Second, item-response functions can be used to identify items that are “biased” in relation to a subgroup.  “Bias” in this context is used not in its everyday moral sense, in which it connotes animus, but rather in its measurement sense, where it signifies a systematic skew toward either high or low readings in relation to the quantity being assessed.  If an examination of an item’s response profile shows that it tracks the underlying latent disposition in one group but not in another, then that item is biased in relation to members of the latter group—and thus not a valid measure of the disposition for a test population that includes them (Osterlind & Everson 2009).

That’s clearly true for the NSF’s Evolution item as applied to individuals who are relatively religious.  Such individuals—who we can identify with a latent disposition scale that combines self-reported church attendance, frequency of prayer, and perceived importance of religion in one’s life (α = 0.86)—respond the same as relatively nonreligious ones with respect to Electron, Nitrogen, and Conditional Probability.

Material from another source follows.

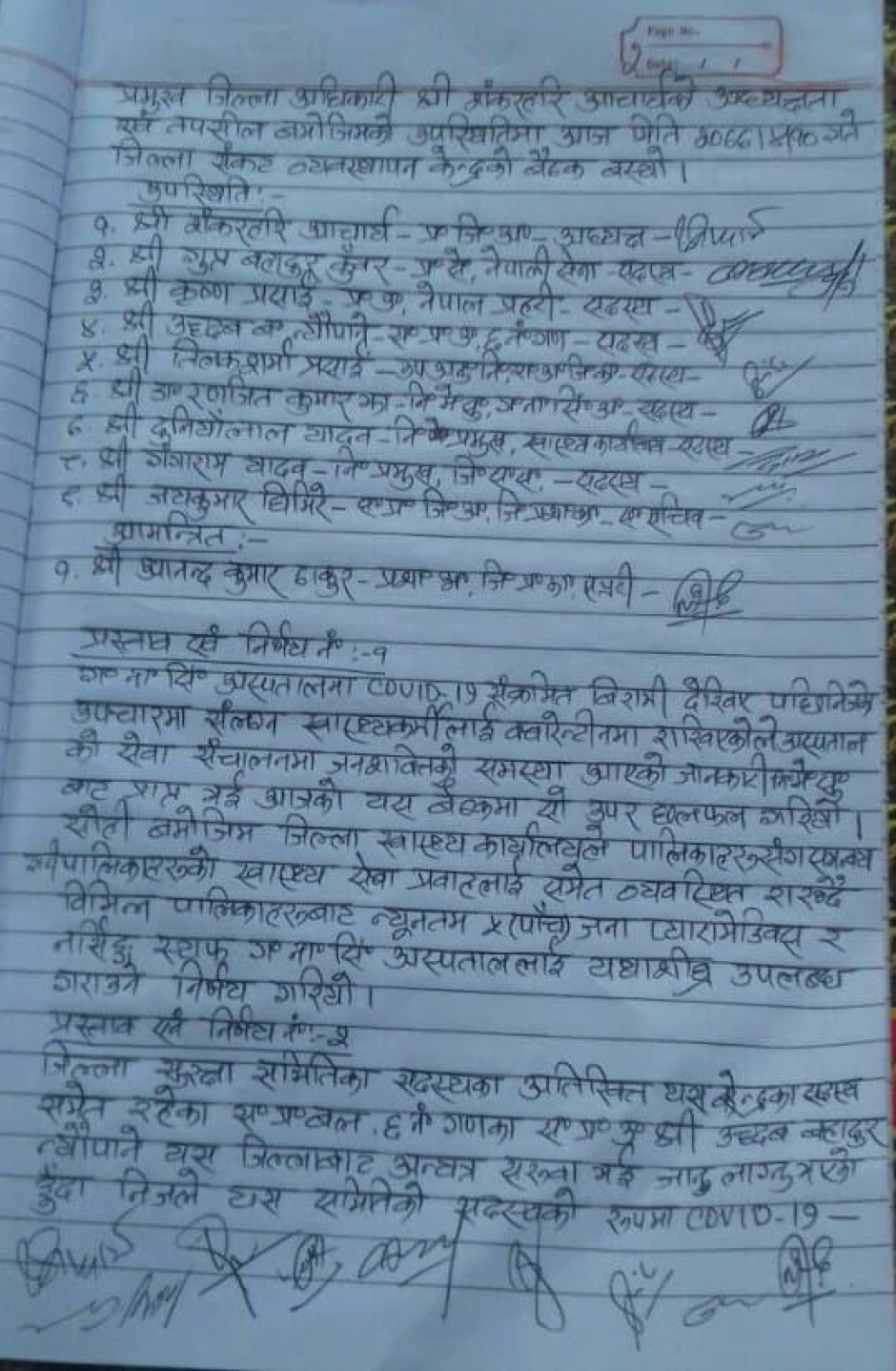 जिल्ला संकट व्यवस्थापन केन्द्र सप्तरीको निर्णय

That is, in both groups, the probability of giving the correct response varies in the same manner with respect to the underlying science comprehension disposition that OSI measures (Figure 2).

Their performance on the Evolution item, however, is clearly discrepant. One might conclude that Evolution is validly measuring science comprehension for non-religious test takers, although in that case it is a very easy question:  the likelihood a nonreligious individual with a mean OSI score will get the “right” answer is 80%—even higher than the likelihood that this person would respond correctly to the relatively simple Electron item.

In contrast, for a relatively religious individual  with a mean OSI score, the probability of giving the correct response is around 30% .  This 50 percentage-point differential tells us that Evolution does not have the same relationship to the latent OSI disposition in these two groups.

Indeed, it is obvious that Evolution has no relation to OSI whatsoever in relatively religious respondents.  For such individuals, the predicted probability of giving the correct answer does not increase as individuals display a higher degree of science comprehension. On the contrary, it trends slightly downward, suggesting that religious individuals highest in OSI are even more likely to get the question “wrong.”